Le modèle d’intelligence artificielle DeepSeek a provoqué une grande agitation sur les marchés en raison de son coût extrêmement bas, estimé à seulement 6 millions de dollars, contre 100 millions pour son concurrent américain ChatGPT. Malgré les sanctions américaines limitant son accès aux semi-conducteurs avancés, la Chine semble avoir trouvé un moyen d’obtenir des résultats comparables avec moins de ressources. Cette situation soulève des interrogations quant à l’évaluation des entreprises américaines de semi-conducteurs.
Cependant, il est probable que le coût annoncé ne prenne pas en compte l’infrastructure, les puces acquises auparavant, ou encore l’exploitation de modèles opensource et de données obtenues par des moyens non déclarés. Quoi qu’il en soit, cette avancée technologique représente un défi majeur pour les États-Unis et relance le débat sur l’avancement technologique de la Chine, voire sa supériorité dans certains domaines.
En 2023, la fondation américaine pour l’innovation et les technologies de l’information a révélé que la Chine était devenue le premier producteur mondial dans sept des dix industries stratégiques, notamment la fabrication de batteries, la fibre optique, les turbines, les produits chimiques, les métaux et les machines-outils. De plus, elle devance les États-Unis de 10 à 15 ans dans le déploiement de nouvelles technologies nucléaires et détient la plus grande part de marché dans la fabrication de véhicules électriques. Bien que les États-Unis conservent une avance dans les domaines des produits pharmaceutiques, des semi-conducteurs avancés et de l’informatique quantique, la Chine progresse rapidement dans certains segments de ces secteurs.
Ce succès repose en grande partie sur l’initiative « Made in China 2025 », un plan industriel sur dix ans visant à renforcer l’autonomie technologique du pays. Inspirée des principes marxistes sur le contrôle des moyens de production et des concepts économiques d’expansion des marchés, la Chine a décidé, après la crise financière de 2008 et les révélations de Snowden en 2013, qu’il était temps de passer à des industries plus avancées. Le gouvernement a identifié des secteurs clés, tels que les chemins de fer et les technologies vertes, et a déployé des stratégies multiples pour en prendre le contrôle.
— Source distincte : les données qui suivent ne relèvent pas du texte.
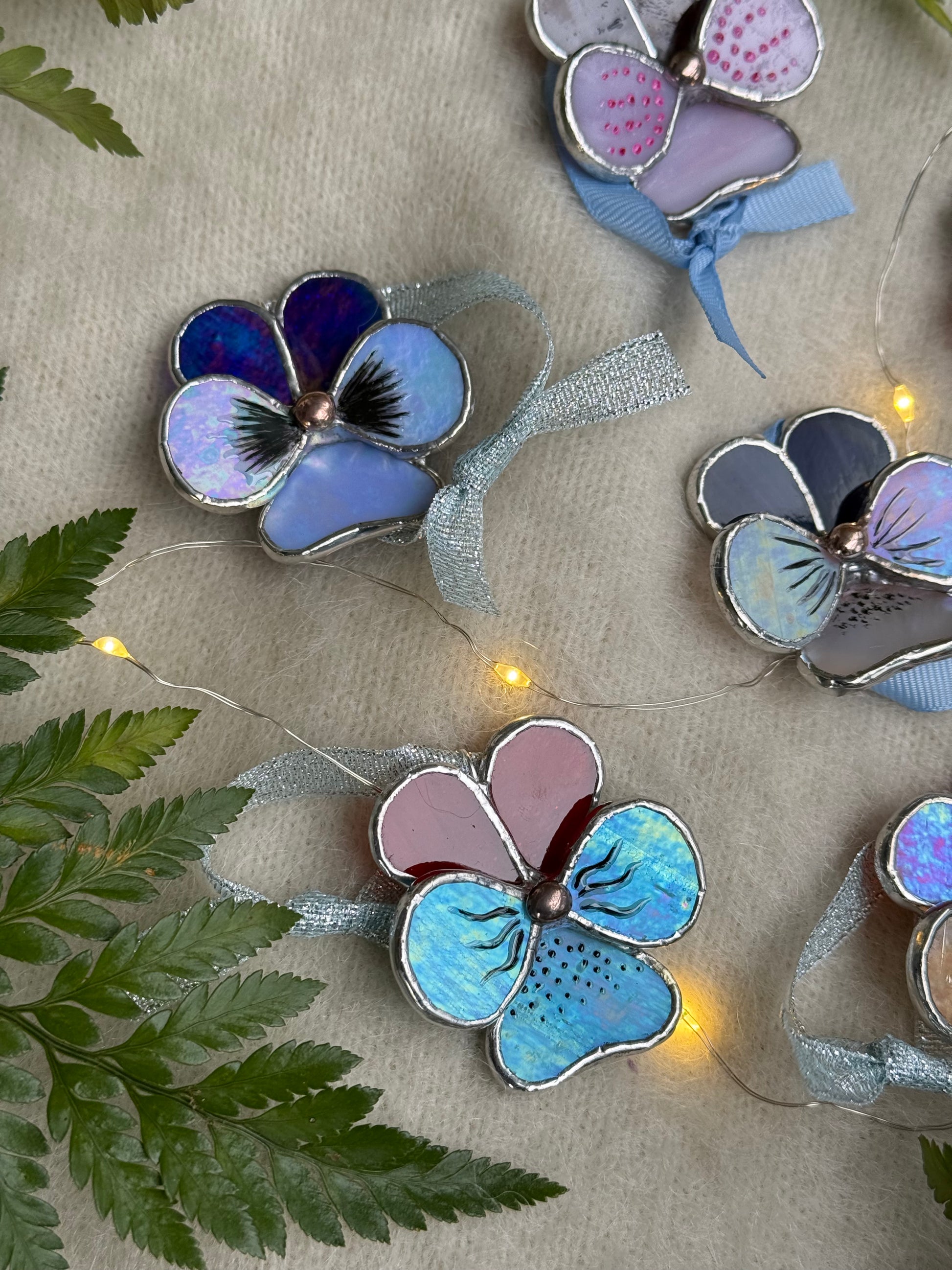 These beautiful 3D stained glass Christmas Pansy flower ornaments will be the perfect decoration for your Christmas tree! It can be a holiday gift for the office, a gift from Secret Santa, or you can buy a set and decorate your home! Handmade stained glass Christmas ornaments are always a great idea - each one is unique and made with great skill and love.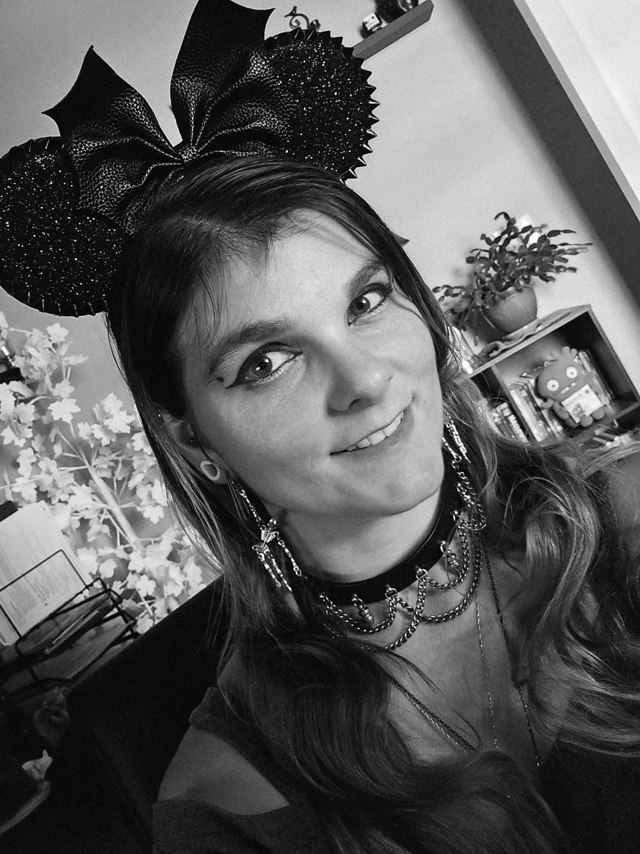 🛒 Add a touch of dark sparkle to your spooky season – grab your Goth Spikes Minnie Ears today!

Ces stratégies incluent le recrutement d’experts étrangers, des incitations fiscales pour attirer les leaders de l’industrie et la création de laboratoires de recherche avancés. Dans certains cas, la technologie a été transférée ou copiée auprès d’entreprises étrangères, tandis que les industries locales bénéficiaient d’un soutien massif sous forme de subventions et de prêts gouvernementaux. La Chine a également favorisé l’acquisition de concurrents étrangers ou imposé des tarifs douaniers à ceux qu’elle ne pouvait pas racheter. En parallèle, elle a mis en place des centres de recherche et des parcs industriels intégrés avec des infrastructures éducatives et sanitaires pour attirer les talents, tout en investissant dans des fonds d’orientation pour soutenir le développement de son industrie des semi-conducteurs.
Bien que ces politiques aient d’abord suscité le scepticisme, puis la critique, elles ont porté leurs fruits. La Chine a réussi à réaliser des percées technologiques majeures, à capter des parts de marché aux concurrents et à positionner ses industries au premier plan mondial. Mais la question clé demeure : ce modèle est-il durable ? Malgré le succès de Made in China 2025, des défis majeurs subsistent, notamment la croissance rapide de la dette par rapport au PIB, l’évolution démographique accélérée et les crises du secteur immobilier. Alors que la Chine rivalise avec l’Occident, elle doit également faire face au ralentissement de son économie, soulevant ainsi des doutes sur la pérennité de cette stratégie avant d’affronter de véritables défis financiers.